Cover is a number representing coverage of the program being fuzzed. When I ran
this earlier, `go-fuzz` found two bugs ([#310](https://github.com/lightningnetwork/lnd/pull/310) and [#312](https://github.com/lightningnetwork/lnd/pull/312)) within minutes!
### Corpus Notes ###
You may wonder how I made the corpus that you unzipped in the previous step.
It's quite simple really. For every message type that `lnwire_test.go`
processed in `TestLightningWireProtocol`, I logged it (in `[]byte` format) to
a .txt file. Within minutes, I had a corpus of valid `lnwire` messages that
I could use with `go-fuzz`! `go-fuzz` will alter these valid messages to create
the sneakily crafted message that I described in the introduction that manages
to bypass validation checks and crash the program. I ran `go-fuzz` for several
hours on the corpus I generated and found two bugs. I believe I have exhausted
the current corpus, but there are still perhaps possible malicious inputs that
`go-fuzz` has not yet reached and could reach with a slightly different generated
corpus.
### Test Harness ###
If you take a look at the test harness that I used, `wirefuzz.go`, you will see
that it consists of one function: `func Fuzz(data []byte) int`. `go-fuzz` requires
that each input in the corpus is in `[]byte` format. The test harness is also
quite simple.
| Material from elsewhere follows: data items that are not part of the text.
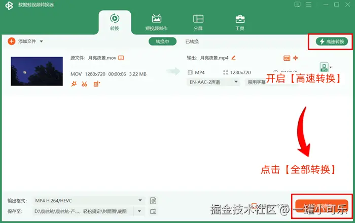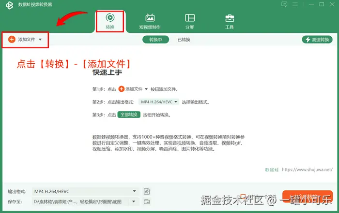 数据 蛙视频转换器可以说是一个功能非常强大的MP4转换器,它能够将1000多种不同的视频格式转换成MP4格式,并且提供了极速转换技术,能够最大程度上实现高速无损的格式转换,适合需要快速处理视频文件以及对视频质量要求极高的用户。此外,它还兼容Windows和Mac系统,支持批量转换功能,提高工作效率。以下是具体的MP4格式转换步骤。
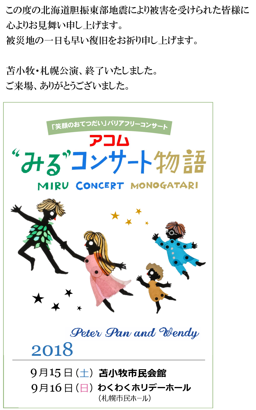 2018年9月 北海道 苫小牧公演/ 札幌公演 アコム “みる” コンサート物語
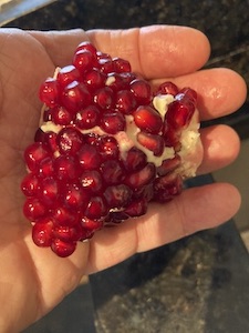 Section of pomegranate with membrane removed
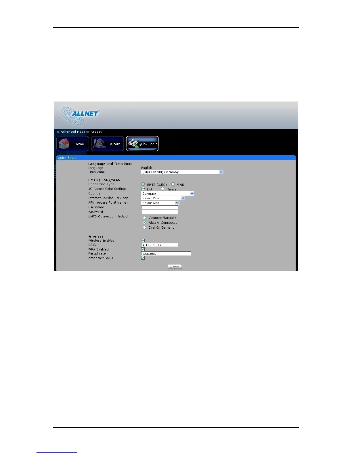 between UMTS (3.5G) and WAN connection. Configure the settings then click the Apply button for the
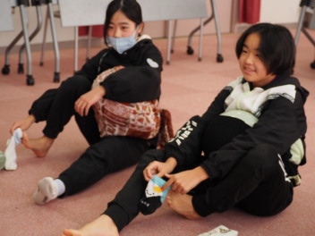 体操座りをしたり、靴下を脱いだり履いたり。
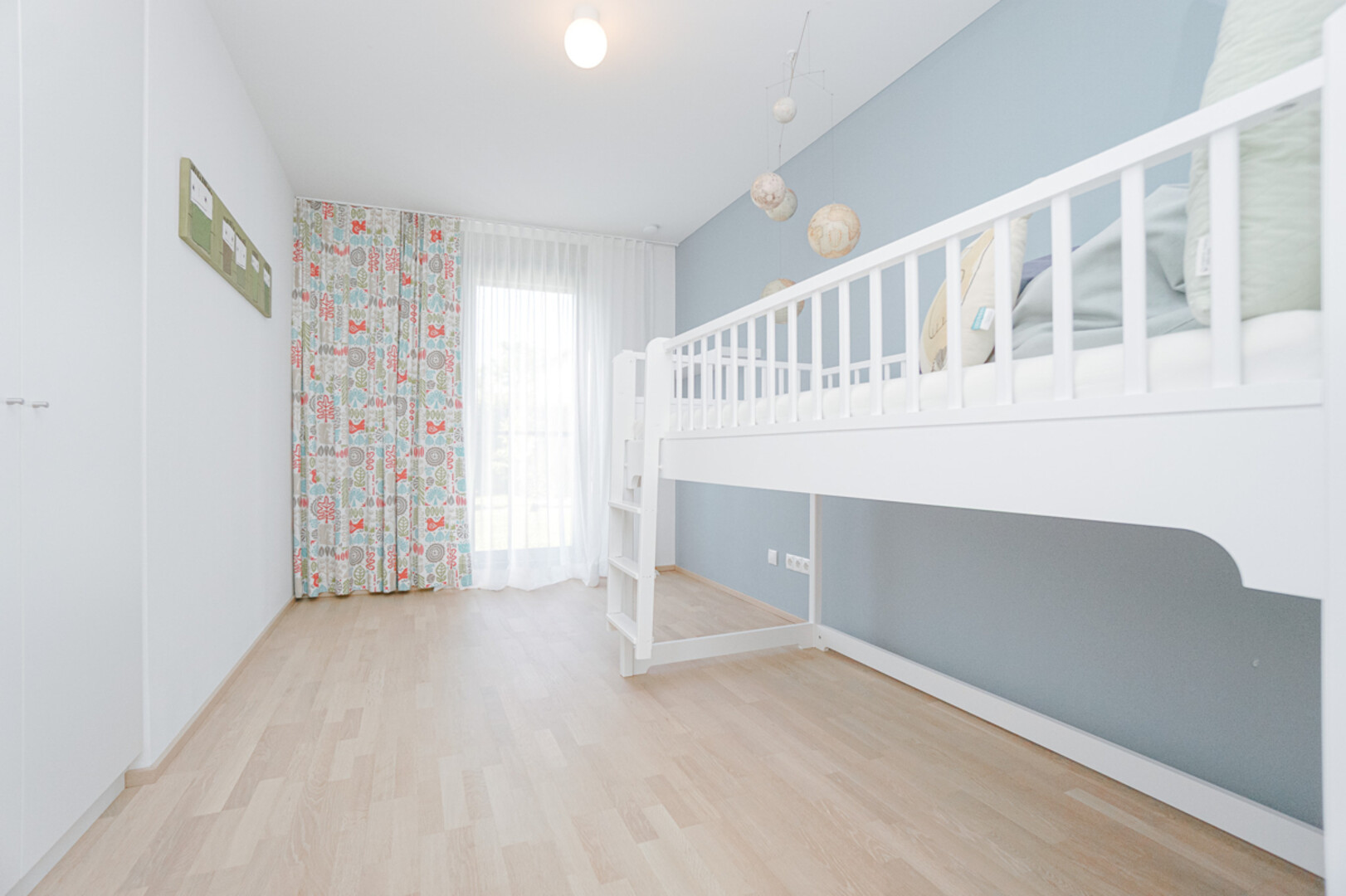 Auf einer Wohnnutzfläche von rund 150 m² verteilen sich vier großzügige Schlafzimmer sowie zwei modern ausgestattete Badezimmer. Die lichtdurchfluteten Räume schaffen eine angenehme Wohnatmosphäre und bieten dank der hochwertigen Holz-Alu-Fenster mit 3-fach-Verglasung gute Energieeffizienz und Wohnqualität. In allen Schlaf- und Badezimmern sowie bei der Hebeschiebetüre zur Terrasse sind Insektenschutzgitter installiert, was den Wohnkomfort zusätzlich erhöht.
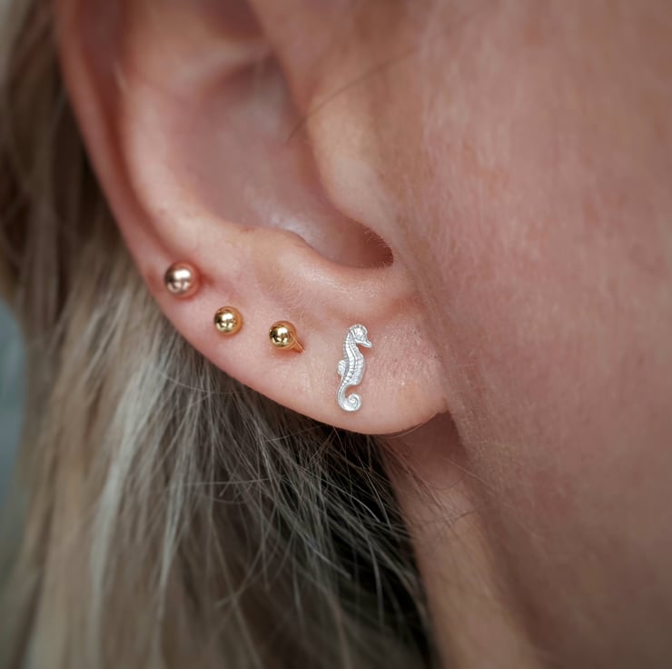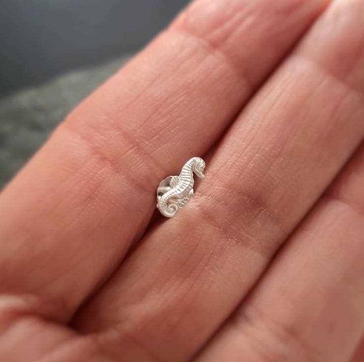 Each of these seahorse stud earrings is made by hand in hypoallergenic sterling silver called Argentium silver. Argentium sterling silver contains more pure silver than traditional sterling and, unlike traditional sterling, it doesn't contain any copper, making it perfect for people with allergies and those who can't wear traditional sterling. Both the seahorse as well as the post and butterfly back are made from Argentium.

It reads in `[]byte` messages into `lnwire.Message` objects,
serializes them into a buffer, deserializes them back into `lnwire.Message` objects
and asserts their equality. If the pre-serialization and post-deserialization
`lnwire.Message` objects are not equal, the wire protocol has encountered a bug.
Wherever a `0` is returned, `go-fuzz` will ignore that input as it has reached
an unimportant code path caused by the parser catching the error. If a `1` is
returned, the `[]byte` input was parsed successfully and the two `lnwire.Message`
objects were indeed equal. This `[]byte` input is then added to the corpus as
a valid message. If a `panic` is reached, serialiation or deserialization failed
and `go-fuzz` may have found a bug.
### Conclusion ###
Fuzzing is a powerful and quick way to find bugs in programs that works especially
well with protocols where there is a strict format with validation rules. Fuzzing
is important as an automated security tool and can find real bugs in real-world
software. The fuzzing of `lnd` is by no means complete and there exist probably
many more bugs in the software that may `go` undetected if left unfuzzed. Citizens,
do your part and `go-fuzz` `lnd` today!